Раньше — как источник, который можно подключить, обмануть, заставить работать на себя. Теперь — как нечто, что забирает, не оставляя.

Лина… её «она» — сущность, вкус, то, что дом привык считать своей добычей, — не вернулась в структуру, не пролилась вниз, не осела в стенах. Она ушла в другое место: в холодный, плотный голод, который двигался по этажу.

Дом ощутил это так же ясно, как она. И не принял.

Он не проводник, — тяжёлая мысль ударила в суставы пальцев, в свинцовую ноющую тяжесть старой пломбы.
Он — хищник. Для нас.

Марго едва удержалась, чтобы не застонать от того, как грубо это чувство прошло через неё, как через антенну.

До этого дом считал их одной конструкцией: он — голод; они — руки, которыми удобно брать; мужчины — расходный материал, иногда врата для чего-то ещё. Пожиратель ломал схему: ничего не приносил, не просил, просто брал сам — и не из тех слоёв, которые дом был готов отдать, а из того, что он берег как запас.

Его нужно остановить, — треснуло в затылке.

Она судорожно вдохнула, обеими ладонями упёршись в стену, как в борт корабля, который повело на бок.

— И как, по-твоему, — сухо спросила она уже вслух, — я должна остановить того, кто только что забрал у тебя Лину?

Дом не ответил словами, зато внутри неё начали всплывать старые маршруты: лестницы, повороты, комнаты, где они ставили ловушки тем, кто пытался сбежать; места, где пространство сжималось, потолок опускался, двери исчезали, оставляя человека в замкнутом объёме.

Он показывал, чем располагает.

Ты — ведьма, — прошипело в костях.

Не в барном смысле «травки и карты», а в старом, родовом: предки, которых жгли за то, что они умели перекидывать узоры между мирами. Дом выбрал её не прихотью, а потому что видел: через неё удобно управлять.

Ты — моё продолжение, — вибрация усилилась.
Там, где раньше была Лина, теперь пусто.
Теперь — только Марго.

— То есть ты предлагаешь… — она скользнула лопатками по стене вниз, закрыла глаза, — чтобы я стала приманкой? Или ножом?

Ловушкой, — прозвучало.

Образ был грубым и ясным: коридор, проём, момент, когда нужный человек встаёт в нужную точку, и всё сходится — стены, потолок, пол, как челюсти.

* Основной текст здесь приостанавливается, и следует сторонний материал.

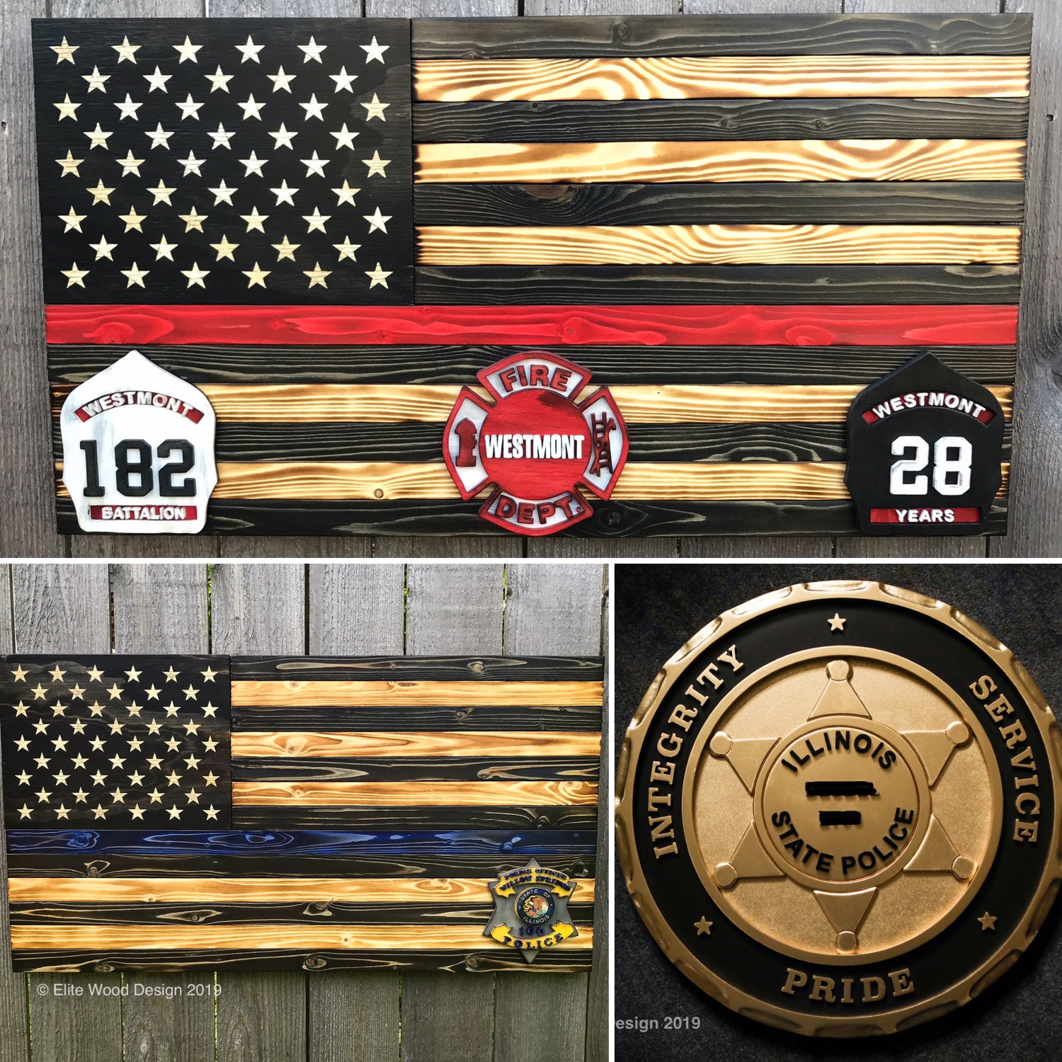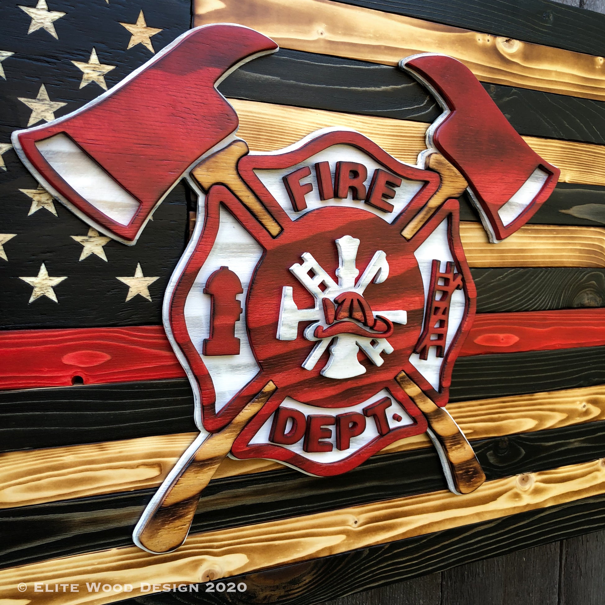 Thin Red Line Firefighter Wood Flag with generic fire dept. maltese with crossing axes. The Thin Red Line is a symbol used by fire departments to honor their fellow brother and sister firefighters; present, injured, and the ones who paid the ultimate sacrifice in order to save and protect life and property.
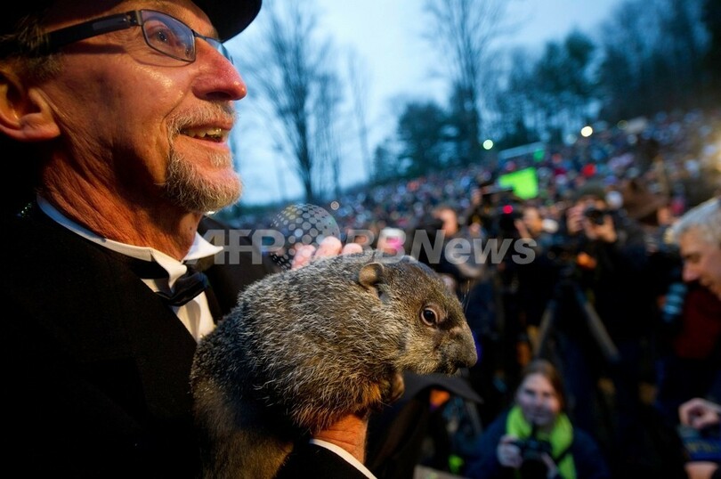【2月3日 AFP】地リスの一種グラウンドホッグ(別名ウッドチャック)が春の到来を占う「グラウンドホッグデー(Groundhog Day)」――毎年恒例のこの行事が2日、米ペンシルベニア(Pennsylvania)州パンクサトーニー(Punxsutawney)で行われた。
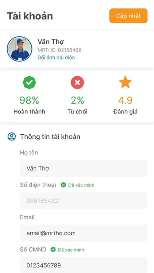 Mr. Thợ là ứng dụng đặt dịch vụ sửa chữa và lắp đặt ngay trên website hoặc ứng dụng điện thoại. Mr. Thợ cho phép bạn gọi thợ đến nhà một cách nhanh chóng và tiện lợi với đa dạng dịch vụ: thợ điện dân dụng, thợ nước, thợ điện lạnh, lắp đặt nội thất, .. Thanh toán tiện lợi với nhiều hình thức thanh toán.
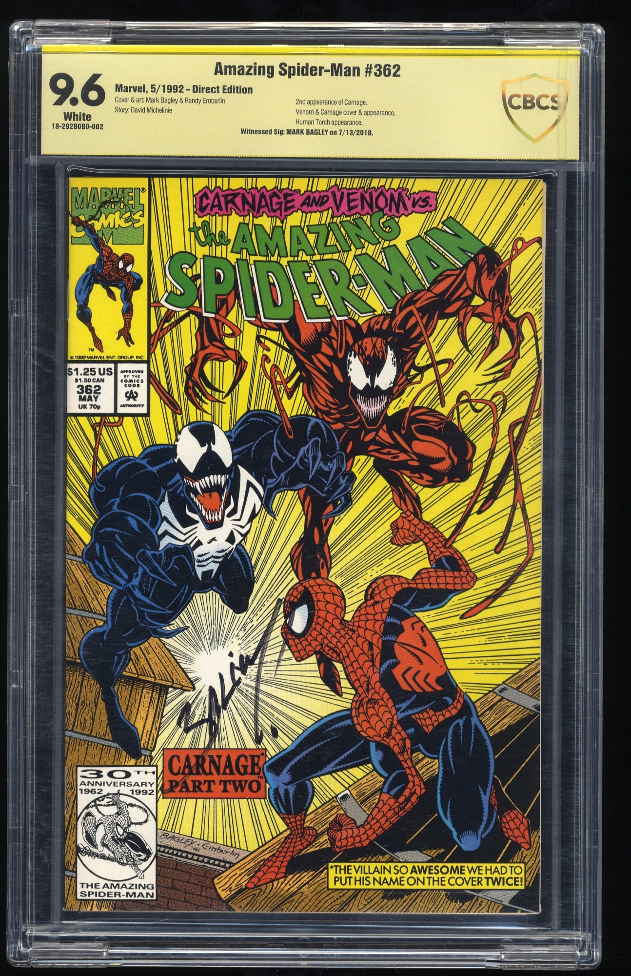 Amazing Spider-Man #362 CBCS NM+ 9.6 Verified Signed by Mark Bagley
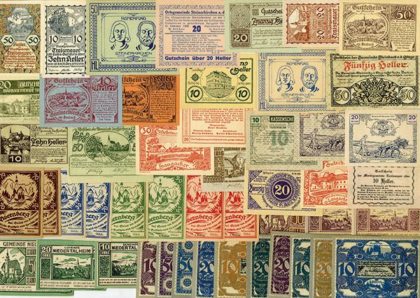 Includes numerous different colorful small size notes with denominations of 10-20-25-50 Heller. Issuing localities include Westfalen, Krimml, Salzburg, Traisen, Werfen, Waidhofen, Kleinmunchen, and others. Please inspect. Generally XF-UNC.
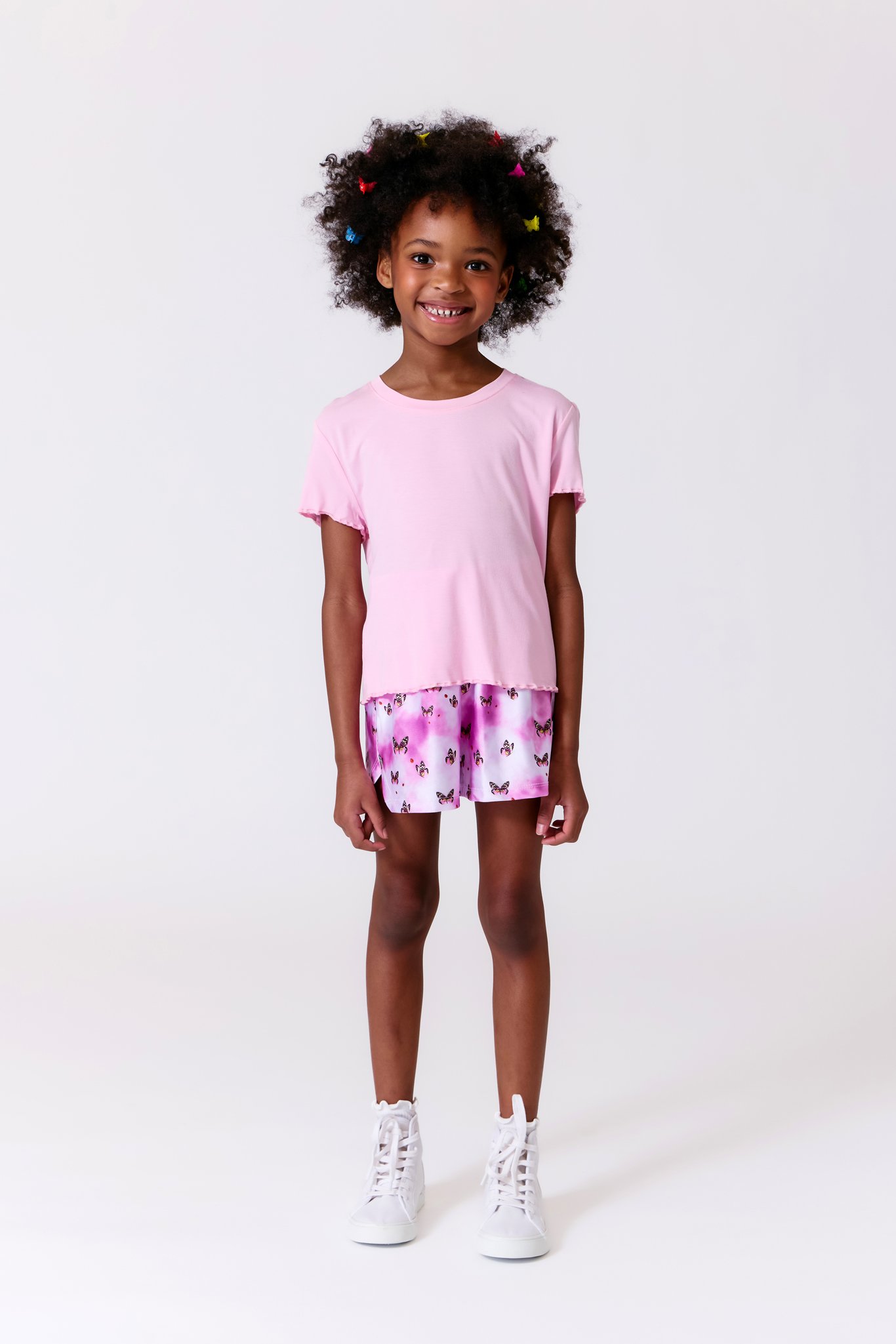 Short sleeve teeLettuce edge detailing on bodice and sleeve
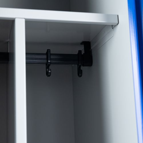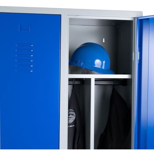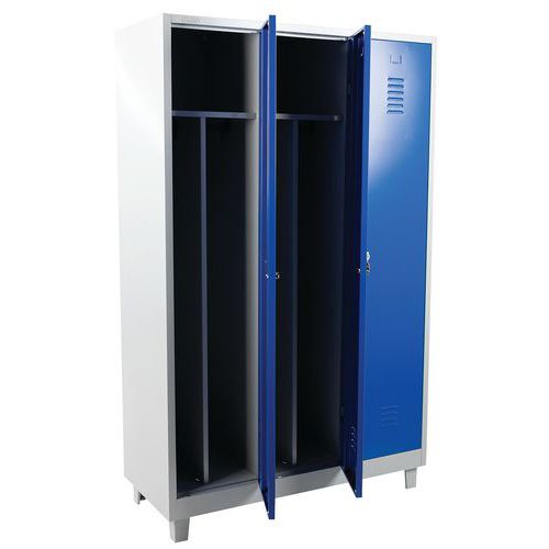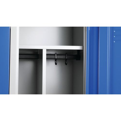Dörrar som förstärkts med osynliga gångjärn. Optimal öppning på 180°. Hygieniskt: ventilation upptill och nertill på klädskåpsdörrarna. 1 separationsvägg för rena och smutsiga kläder. 1 hylla, 1 stång och 2 krokar per fack, hål för väggmontering och etiketthållare.
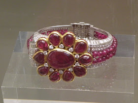 Ruby and diamond bangle. Cartier, 1937. The central motif with cabochon rubies set in gold is Indian. The back is enamelled with flowers. To set off this antique Indian ornament Cartier created a contrast: an up-to-date asyimmetrical rigid scroll, edged with geometric baton diamonds. The two rows of strung ruby beads preserve the Indian character of the central motif.

Адам, входящий в этот круг. Дом, схлопывающийся.

Он верил, что может.

Она — нет.

— Он не просто плоть, — сказала она. — И не просто демон, и не просто ангел. Ты это уже понял.

Дом ответил раздражением: где-то хлопнула дверь, по стене побежал сухой треск, лампа над головой дёрнулась, бросив на потолок рваную тень.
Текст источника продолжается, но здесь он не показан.